Records contained in a dataset
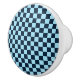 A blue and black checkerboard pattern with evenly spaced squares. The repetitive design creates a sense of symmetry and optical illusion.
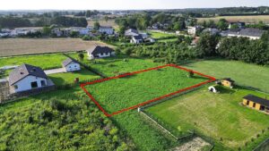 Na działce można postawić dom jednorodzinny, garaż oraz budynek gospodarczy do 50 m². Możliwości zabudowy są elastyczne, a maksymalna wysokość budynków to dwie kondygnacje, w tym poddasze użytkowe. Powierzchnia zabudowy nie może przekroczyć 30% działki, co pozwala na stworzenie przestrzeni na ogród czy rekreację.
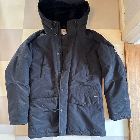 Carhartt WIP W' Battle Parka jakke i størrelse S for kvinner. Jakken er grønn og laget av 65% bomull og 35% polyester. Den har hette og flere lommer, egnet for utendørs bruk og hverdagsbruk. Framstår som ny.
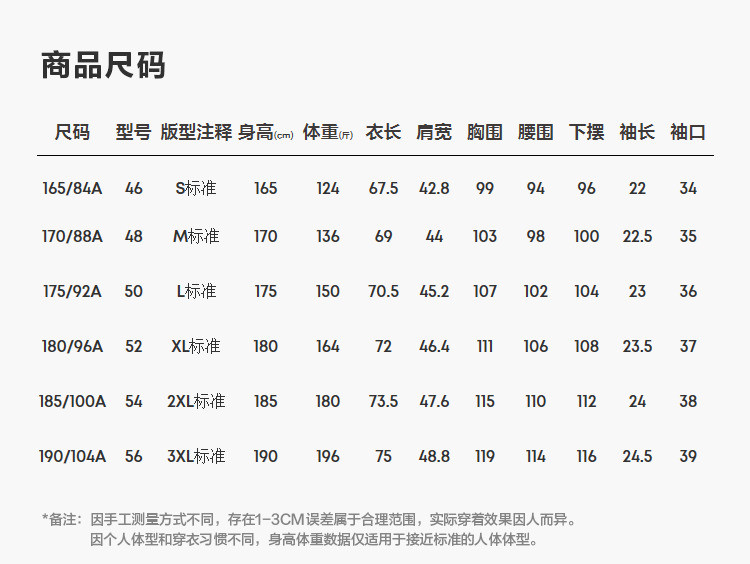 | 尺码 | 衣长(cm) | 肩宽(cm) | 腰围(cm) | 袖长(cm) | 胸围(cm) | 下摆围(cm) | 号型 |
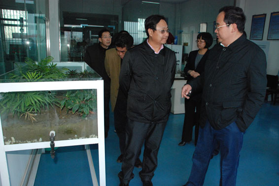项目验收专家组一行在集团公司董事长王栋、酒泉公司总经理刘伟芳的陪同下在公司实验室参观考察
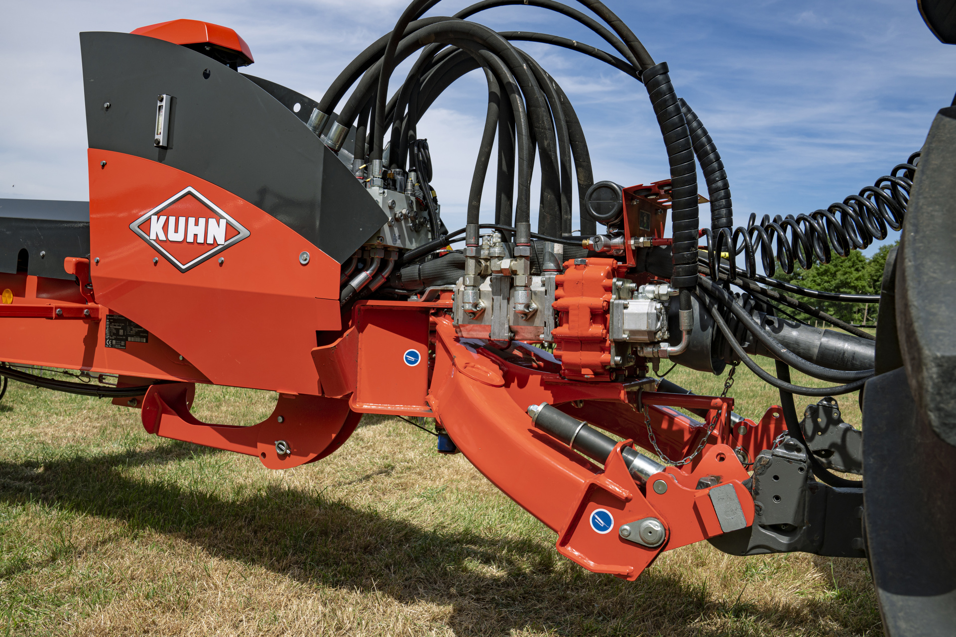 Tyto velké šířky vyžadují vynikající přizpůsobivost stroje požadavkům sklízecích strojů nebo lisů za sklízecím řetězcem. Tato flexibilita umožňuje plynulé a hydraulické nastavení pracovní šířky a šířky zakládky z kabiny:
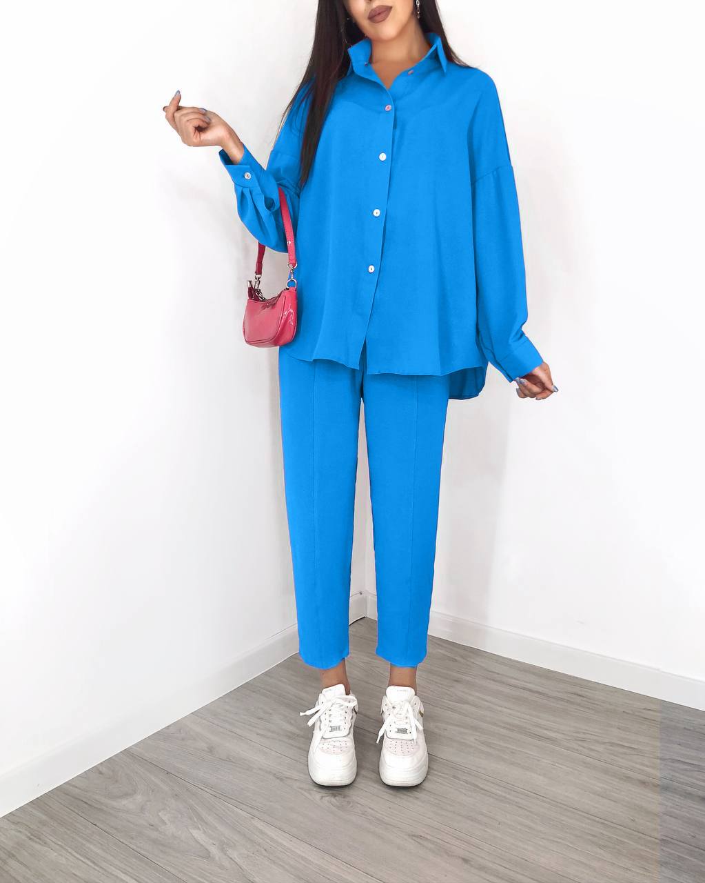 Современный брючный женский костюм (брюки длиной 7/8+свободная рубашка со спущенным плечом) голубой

Your task: Word for word, write out the lines above running from the one with "下摆围(cm) | 号型 |" up to and including the one with "Tyto velké šířky". Drop any picture.

Task result:
 | 尺码 | 衣长(cm) | 肩宽(cm) | 腰围(cm) | 袖长(cm) | 胸围(cm) | 下摆围(cm) | 号型 |
项目验收专家组一行在集团公司董事长王栋、酒泉公司总经理刘伟芳的陪同下在公司实验室参观考察
 Tyto velké šířky vyžadují vynikající přizpůsobivost stroje požadavkům sklízecích strojů nebo lisů za sklízecím řetězcem. Tato flexibilita umožňuje plynulé a hydraulické nastavení pracovní šířky a šířky zakládky z kabiny:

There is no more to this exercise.